Tasks are only dependent on the completion of other tasks. Further analysis
reveals the ``critical path'' - those tasks in which a delay would be
critical to the completion of the project on time.
The tasks A through G comprise the planned project. Each task requires a
certain amount of time to complete and is dependent on the completion of
other tasks according to the following diagram:
:- import(const_domain).
program :- Jobs = [A,B,C,D,E,F,G],
Durations = [Da,Db,Dc,Dd,De,Df,Dg],
Durations = [ 4, 2, 4, 3, 4, 4, 3],
A ?>= 0 + Da, D ?>= B + Dd, F ?>= D + Df,
B ?>= A + Db, D ?>= C + Dd, G ?>= F + Dg,
C ?>= A + Dc, E ?>= C + De, G ?>= E + Dg,
label(Jobs), print(Jobs).
[user] ?- program.
[4,6,8,11,12,15,18]
yes
In the IF/Prolog program, inter-dependencies between the jobs (A...G)
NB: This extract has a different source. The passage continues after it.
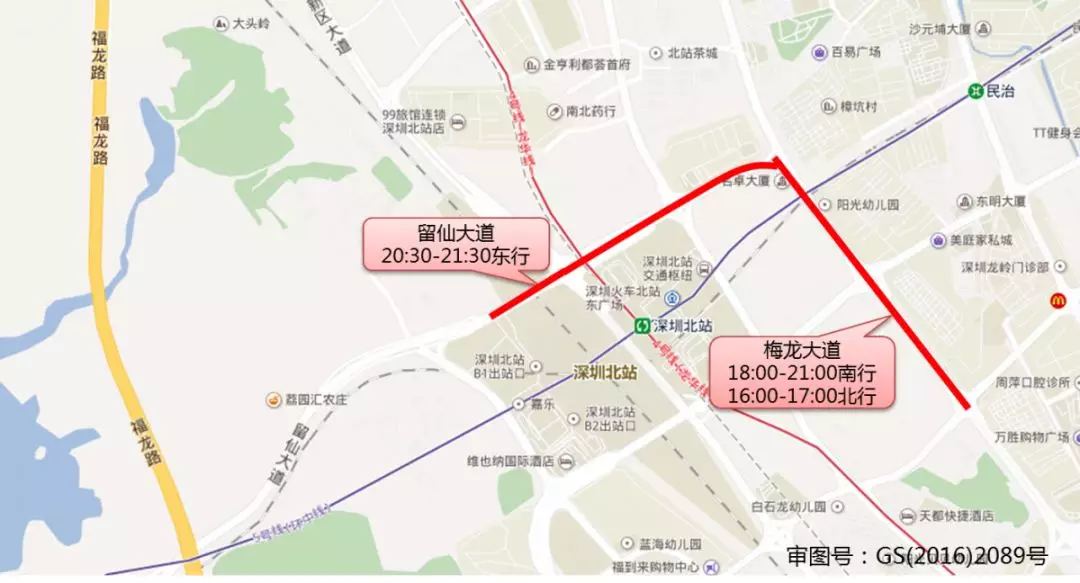 宝安大道(14:00-15:00南行、16:00-18:00南行、17:00-18:00北行)

are represented as arithmetic constraints, for example D ?>= B + Dd can
be read as Job D is completed after the start and duration of Job B.
The constraints themselves (?>=/2) do not activate to determine a solution
to the variables they contain, until they are passed to one of the solver
predicates which then solves the complete problem. The label/1 predicate
finds values for all variables in the list Jobs.
In the above, label/1 is quickly able to determine that a value for variable
A exists as its start time and duration are fixed. Then, through
``constraint propagation'', values are calculated for the remaining
variables.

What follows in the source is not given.